Suppose, you invest ₹10,000 each in scheme A whose NAV is ₹20 and scheme B (whose NAV is say, ₹100. You will be allotted 500 units of scheme A and 100 units of scheme B. Assuming that both schemes have invested their entire corpus in exactly same stocks and in the same proportions, if the underlying stocks collectively appreciate by 10%, the NAV of the two schemes should also rise by 10%, to ₹22 and ₹110, respectively. Thus, in both the scenarios, the value of your investment increases to ₹ 11,000.

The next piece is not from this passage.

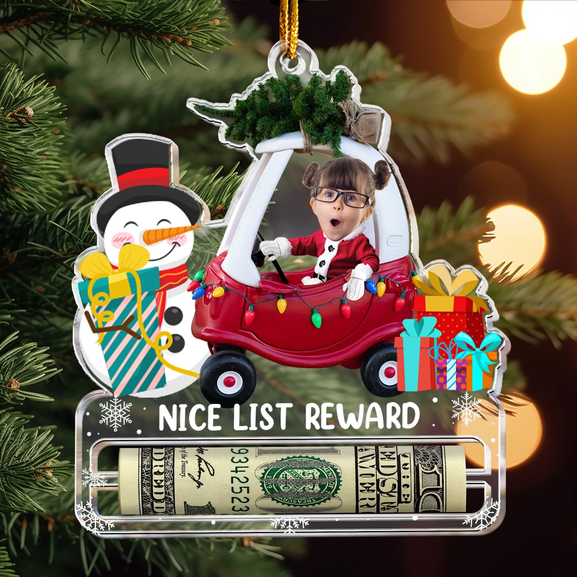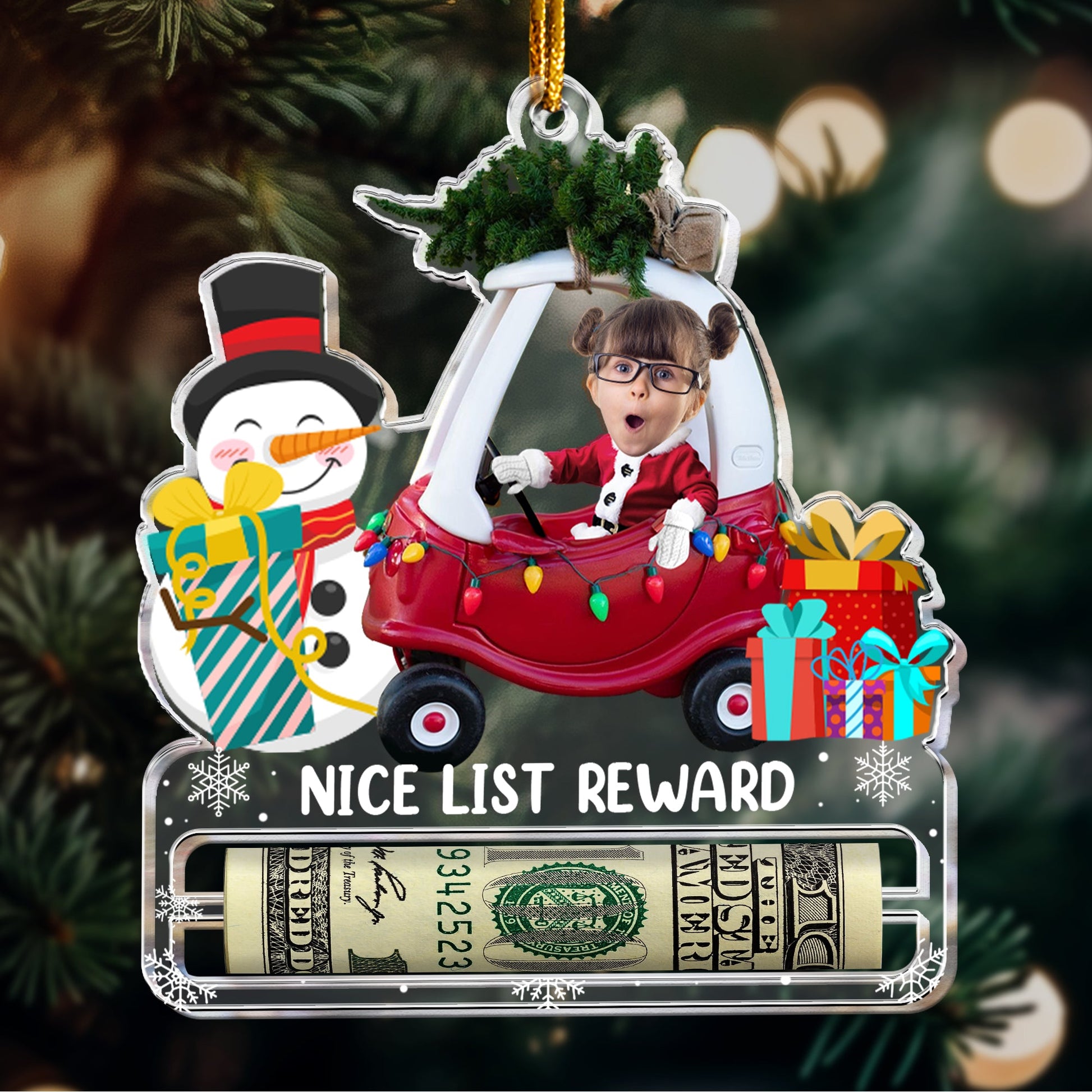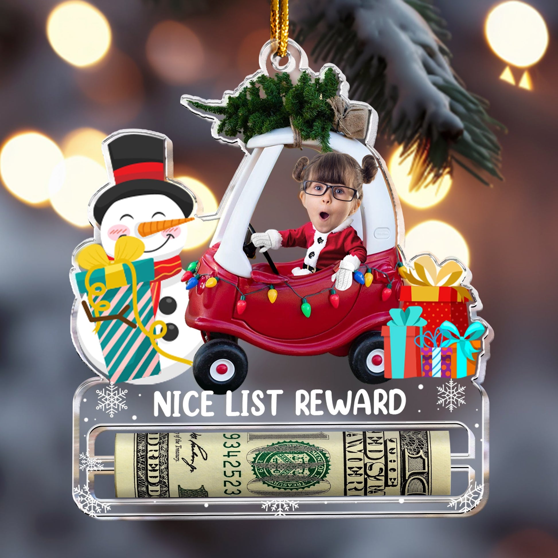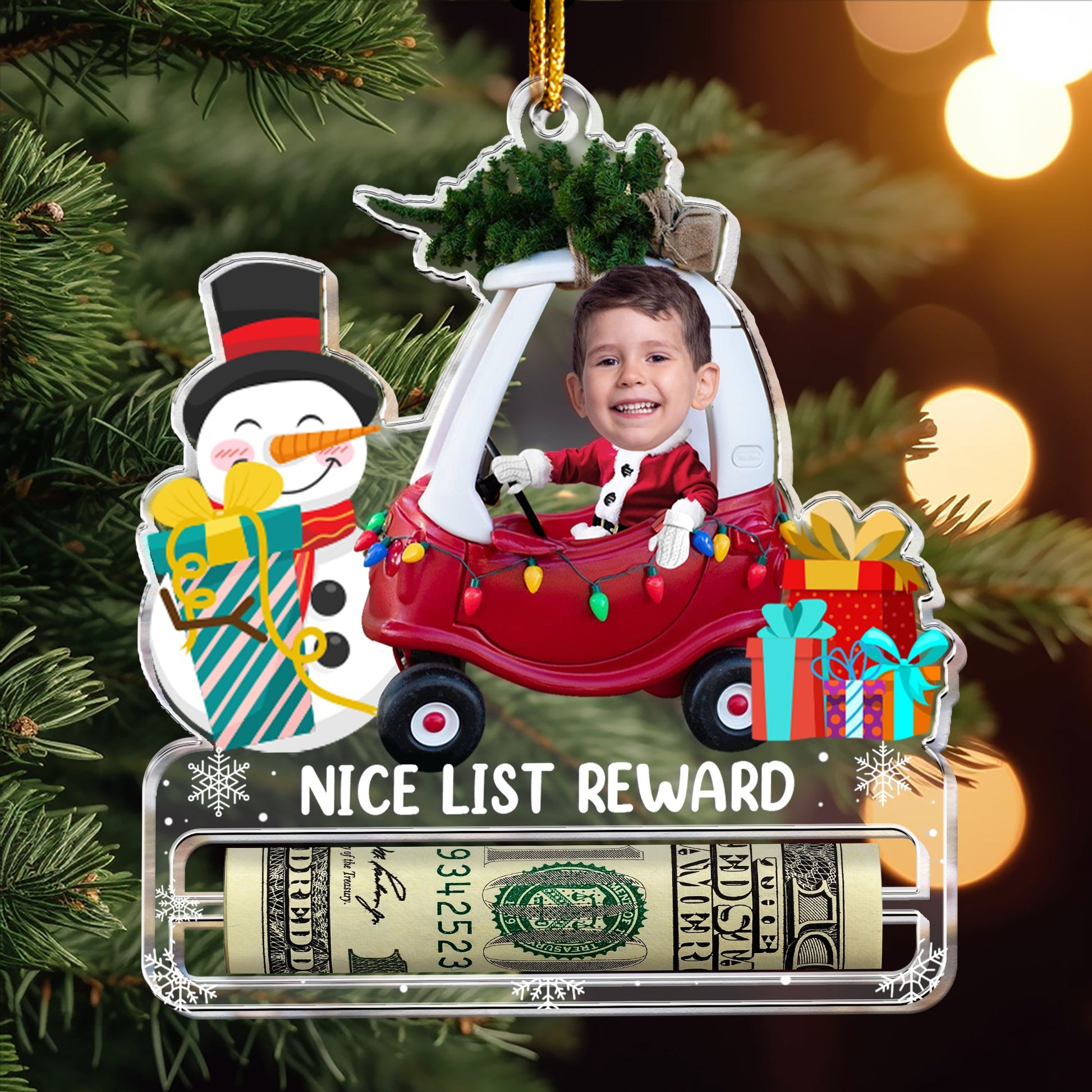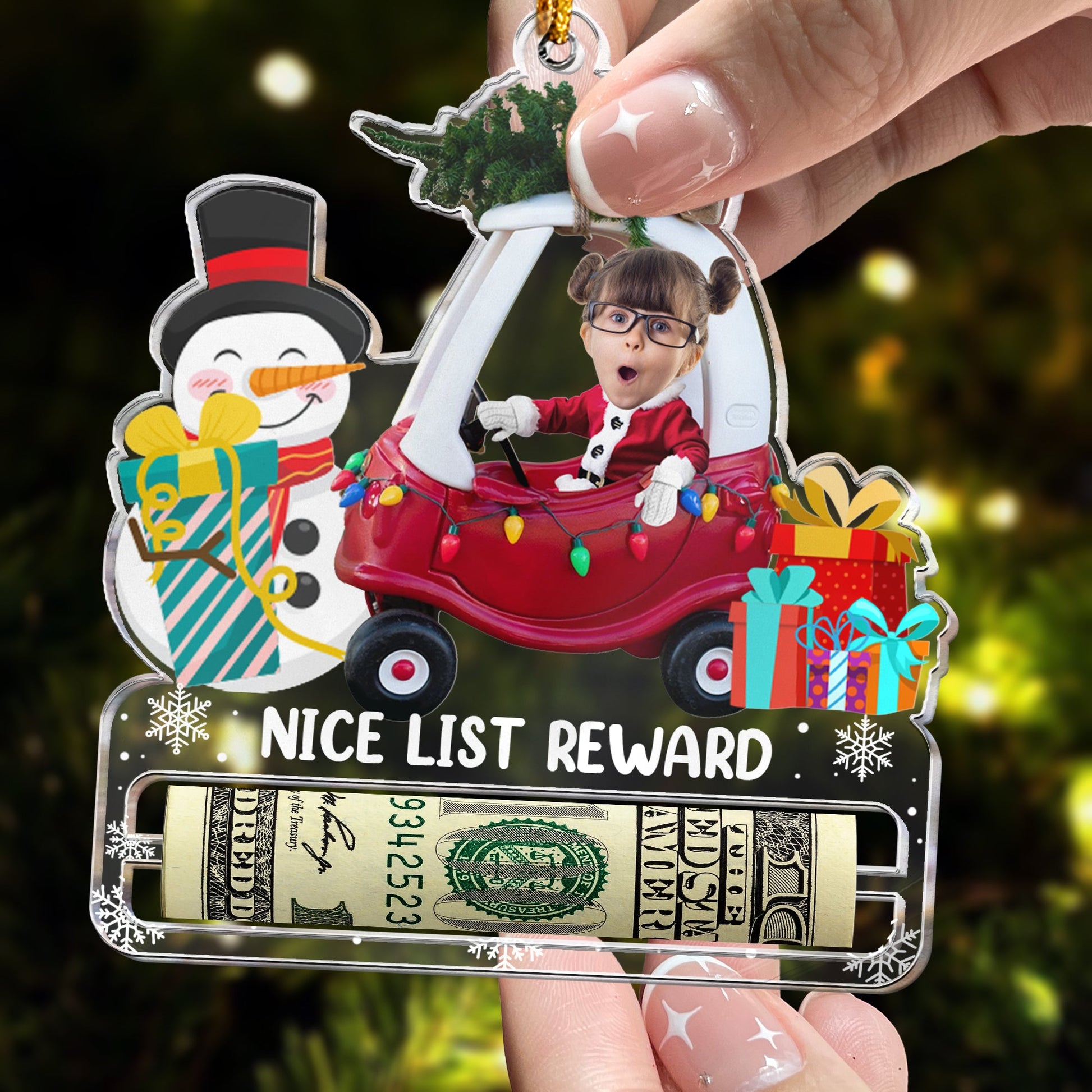 Nice List Santa Christmas Money Holder For Kids - Personalized Acrylic Photo Ornament

Thus, the current NAV of a fund does not have any impact on the returns.

Fact : Absolutely incorrect. One could start investing mutual funds with just ₹5000 for a lump-sum / one-time investment with no upper limit and ₹1000 towards subsequent / additional subscription in most of the mutual fund schemes. And for Equity linked Savings Schemes (ELSS), the minimum amount is as low as ₹ 500.

In fact, one could invest via Systematic Investment Plan ( SIP) with as little as ₹500 per month for as long as one wishes to.

Myth : One Needs To Have A Demat Account To Invest In Mutual Funds

Fact : Holding mutual fund Units in Demat mode is absolutely optional, except in respect of Exchange Traded Funds. For all other schemes, including the close-ended listed schemes like Fixed Maturity Plans (FMPs), it is entirely upto the investor whether to hold the units in a Demat mode or in conventional physical accountant statement mode.

Myth : A Scheme With A Higher Nav Has Reached Its Peak !

Fact : This is a very common misconception because of the general association of Mutual Funds with shares. One needs to keep in mind that the NAV of a scheme is nothing but a reflection of the market value of the underlying shares held by the fund on any day. Mutual Funds invest in shares, which may be bought or sold whenever deemed appropriate by the Fund Manager depending on the scheme’s investment strategy (Buy-Hold-Sell). If the Fund Manager feels that a particular stock has peaked, he can choose to sell it.

A high NAV does not mean the fund is expensive. In fact, high NAV indicates a good performance of the scheme over the years.

Myth : Buying A Top-rated Mutual Fund Scheme Ensures Better Returns.

Fact : Mutual fund ratings are dynamic and based on performance of the scheme over time – which in itself is subject to market fluctuations. So, a Mutual fund scheme that may be on top of the rating chart currently, may not necessarily maintain the same rating month after month or at a later date . However, a top rated fund is a good first step to short list a scheme to invest in (although past performance does not necessarily guarantee better returns in future). Investment in a mutual fund scheme needs to be tracked with respect to the scheme’s benchmark to evaluate its performance periodically to decide whether to stay invested or to exit.